The pleural space can be accessed by passing a needle between the ribs into the pleural cavity. In a normal healthy adult, the pleural space is virtually nonexistent; therefore, any attempt to introduce a needle into this space is unlikely to succeed and the procedure may damage the underlying lung.
Before any form of chest tube is inserted, the rib must be well anesthetized by infiltration because its periosteum is extremely sensitive. The intercostal drain should pass directly on top of the rib. Insertion adjacent to the lower part of the rib may damage the artery, vein, and nerve, which lie within the neurovascular bundle.
Appropriate sites for insertion of a chest drain are either in the fourth or fifth intercostal space between the anterior axillary and midaxillary anatomical lines.

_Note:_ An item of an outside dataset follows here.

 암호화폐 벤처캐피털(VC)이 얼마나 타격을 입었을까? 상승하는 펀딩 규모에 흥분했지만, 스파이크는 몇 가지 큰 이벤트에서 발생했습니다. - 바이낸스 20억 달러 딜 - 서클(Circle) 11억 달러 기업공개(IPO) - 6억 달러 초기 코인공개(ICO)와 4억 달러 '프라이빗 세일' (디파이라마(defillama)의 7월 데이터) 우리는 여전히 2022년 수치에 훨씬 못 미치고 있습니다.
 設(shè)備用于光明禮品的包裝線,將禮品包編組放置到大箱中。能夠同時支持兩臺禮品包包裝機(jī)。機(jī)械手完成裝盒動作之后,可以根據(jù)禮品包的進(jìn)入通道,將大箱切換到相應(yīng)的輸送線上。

This position is determined by palpating the sternal angle, which is the point of articulation of rib II. Counting inferiorly will determine the rib number and simple observation will determine the positions of the anterior axillary and midaxillary lines. Insertion of any tube or needle below the fifth interspace runs an appreciable risk of crossing the pleural recesses and placing the needle or the drain into either the liver or the spleen, depending upon which side the needle is inserted.
An elderly woman was admitted to the emergency room with severe cardiac failure. She had a left-sided pacemaker box, which had been inserted for a cardiac rhythm disorder (fast atrial fibrillation) many years previously. An ECG demonstrated fast atrial fibrillation. A chest radiograph showed that the wire from the pacemaker had broken under the clavicle.

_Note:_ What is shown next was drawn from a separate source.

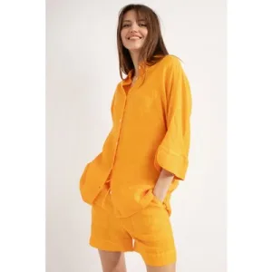 Cult Gaia Carlotta Blazer met bloemenkant in oranje viscose

Anatomical knowledge of this region of the chest explains why the wire broke.
Many patients have cardiac pacemakers. A wire arises from the pacemaker, which lies within the subcutaneous tissue over the pectoralis major muscle and travels from the pacemaker under the skin to pierce the axillary vein just beneath the clavicle, lateral to the subclavius muscle. The wire then passes through the subclavian vein, the brachiocephalic vein, the superior vena cava, and the right atrium, and lies on the wall of the right ventricle (where it can stimulate the heart to contract) (eFig. 3.118). If the wire pierces the axillary vein directly adjacent to the subclavius muscle, it is possible that after many years of shoulder movement the subclavius muscle stresses and breaks the wire, causing the pacemaker to fail. Every effort is made to place the insertion point of the wire as far laterally as feasible within the first part of the axillary vein.
A 20-year-old man visited his family doctor because he had a cough. A chest radiograph demonstrated translucent notches along the inferior border of ribs III to VI (eFig. 3.119). He was referred to a cardiologist and a diagnosis of coarctation of the aorta was made. The rib notching was caused by dilated collateral intercostal arteries.

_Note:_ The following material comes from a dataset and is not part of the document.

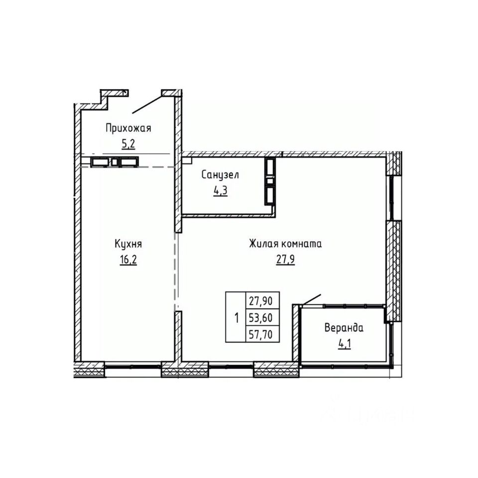 Общая площадь57,7 м²

Coarctation of the aorta is a narrowing of the aorta distal to the left subclavian artery. This narrowing can markedly reduce blood flow to the lower body. Many of the vessels above the narrowing therefore enlarge due to the increased pressure so that blood can reach the aorta below the level of the narrowing. Commonly, the internal thoracic, superior epigastric, and musculophrenic arteries enlarge anteriorly. These arteries supply the anterior intercostal arteries, which anastomose with the posterior intercostal arteries that allow blood to flow retrogradely into the aorta. Enlargement of the intertcostal vessels results in notching of the ribs.
The first and second posterior intercostal vessels are supplied from the costocervical trunk, which arises from the subclavian artery proximal to the coarctation, so do not enlarge and do not induce rib notching.